WHAT TO WORK ON: Starting with the line below that holds "我們再來煎個雞蛋餅:取兩個雞" and stopping after the line that holds "Säljer en stilren", transcribe the lines exactly, leaving out all pictures.

RECORDS SUPPLIED:
┌──

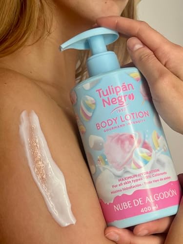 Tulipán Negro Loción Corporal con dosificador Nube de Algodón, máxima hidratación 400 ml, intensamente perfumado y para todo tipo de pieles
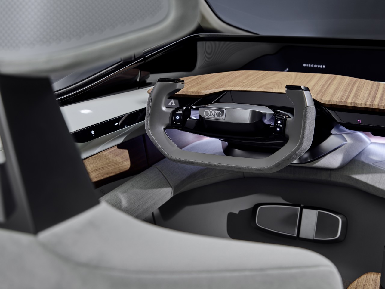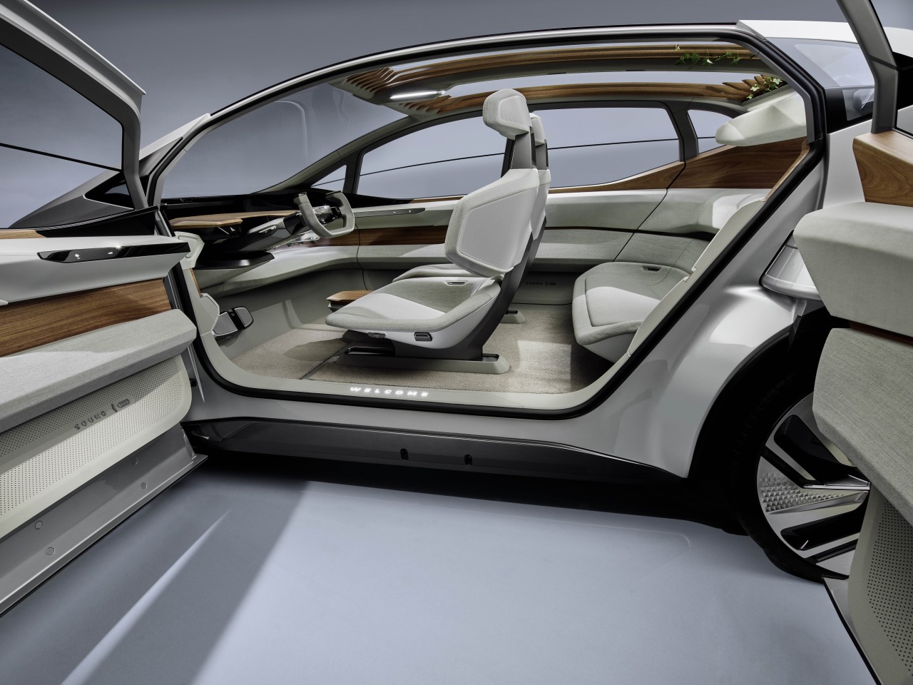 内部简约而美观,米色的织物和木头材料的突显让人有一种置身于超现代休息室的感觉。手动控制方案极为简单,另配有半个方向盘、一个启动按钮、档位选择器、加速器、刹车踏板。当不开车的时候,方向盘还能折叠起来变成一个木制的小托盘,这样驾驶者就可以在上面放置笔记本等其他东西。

└──
┌──

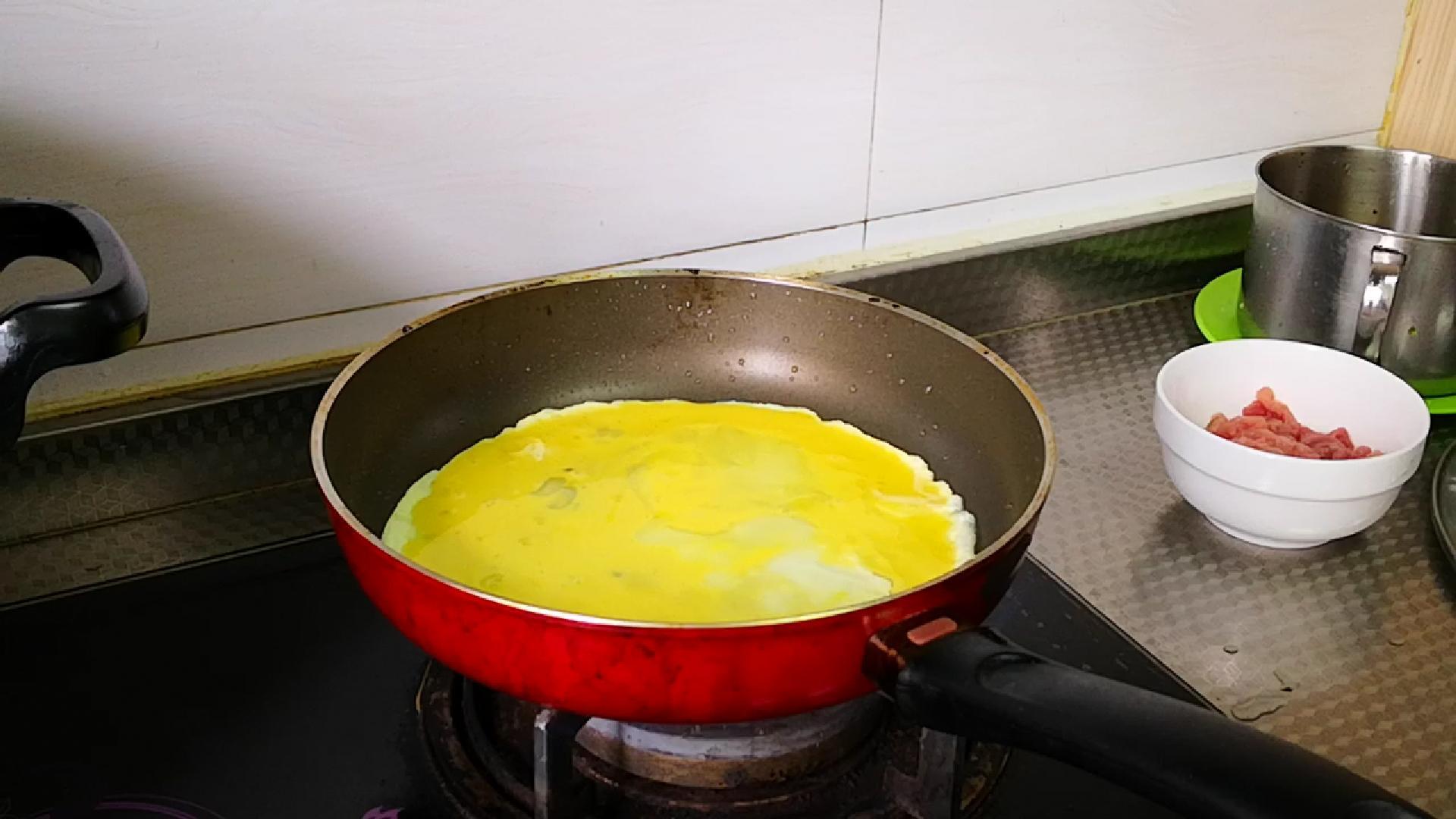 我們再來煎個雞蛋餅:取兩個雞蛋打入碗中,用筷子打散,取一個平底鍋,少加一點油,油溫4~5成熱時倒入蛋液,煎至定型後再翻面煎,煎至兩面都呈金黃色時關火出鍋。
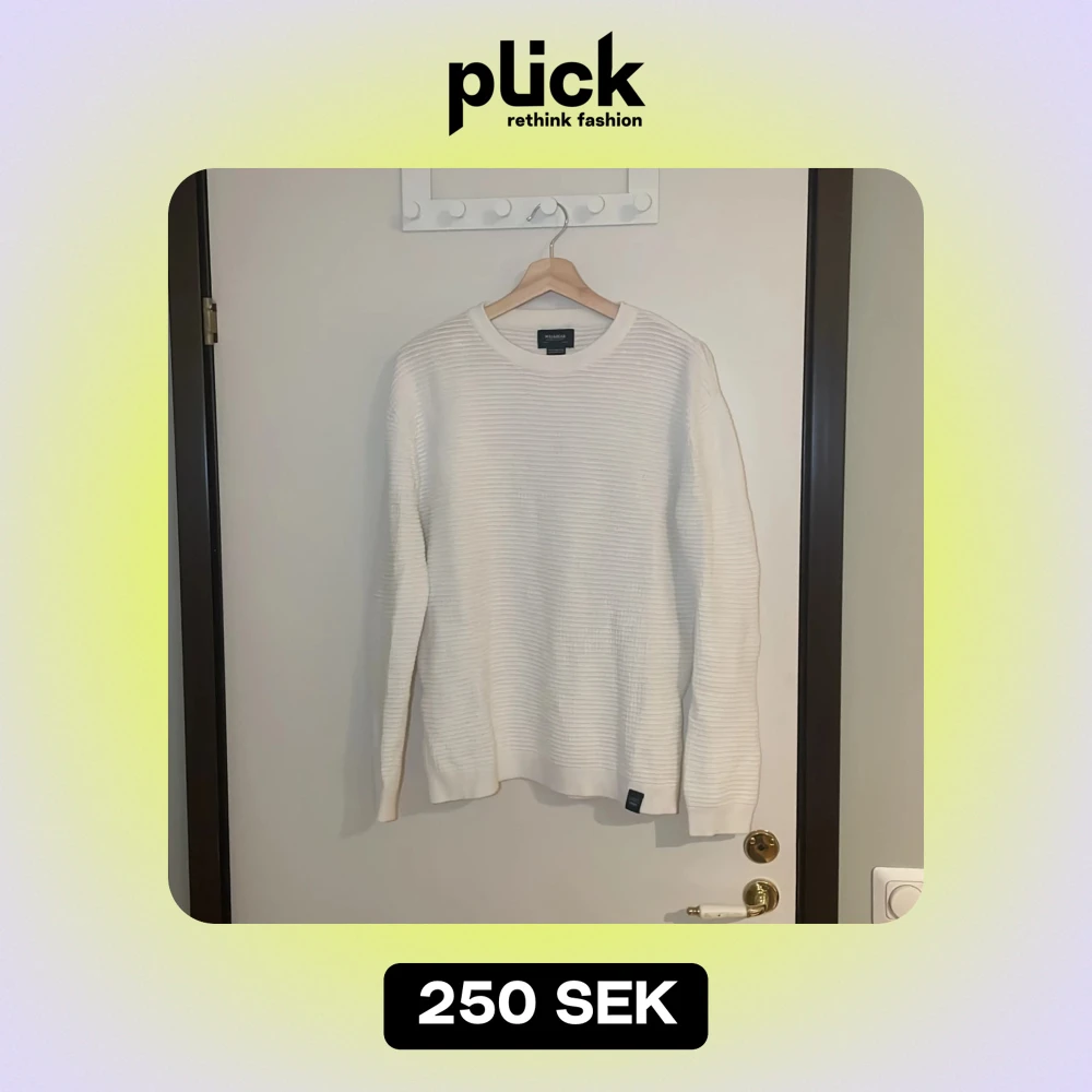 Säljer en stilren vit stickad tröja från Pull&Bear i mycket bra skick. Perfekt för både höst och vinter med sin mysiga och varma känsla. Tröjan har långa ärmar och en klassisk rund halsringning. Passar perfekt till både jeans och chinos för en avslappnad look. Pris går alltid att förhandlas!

└──

RESPONSE BELOW:
 我們再來煎個雞蛋餅:取兩個雞蛋打入碗中,用筷子打散,取一個平底鍋,少加一點油,油溫4~5成熱時倒入蛋液,煎至定型後再翻面煎,煎至兩面都呈金黃色時關火出鍋。
 Säljer en stilren vit stickad tröja från Pull&Bear i mycket bra skick. Perfekt för både höst och vinter med sin mysiga och varma känsla. Tröjan har långa ärmar och en klassisk rund halsringning. Passar perfekt till både jeans och chinos för en avslappnad look. Pris går alltid att förhandlas!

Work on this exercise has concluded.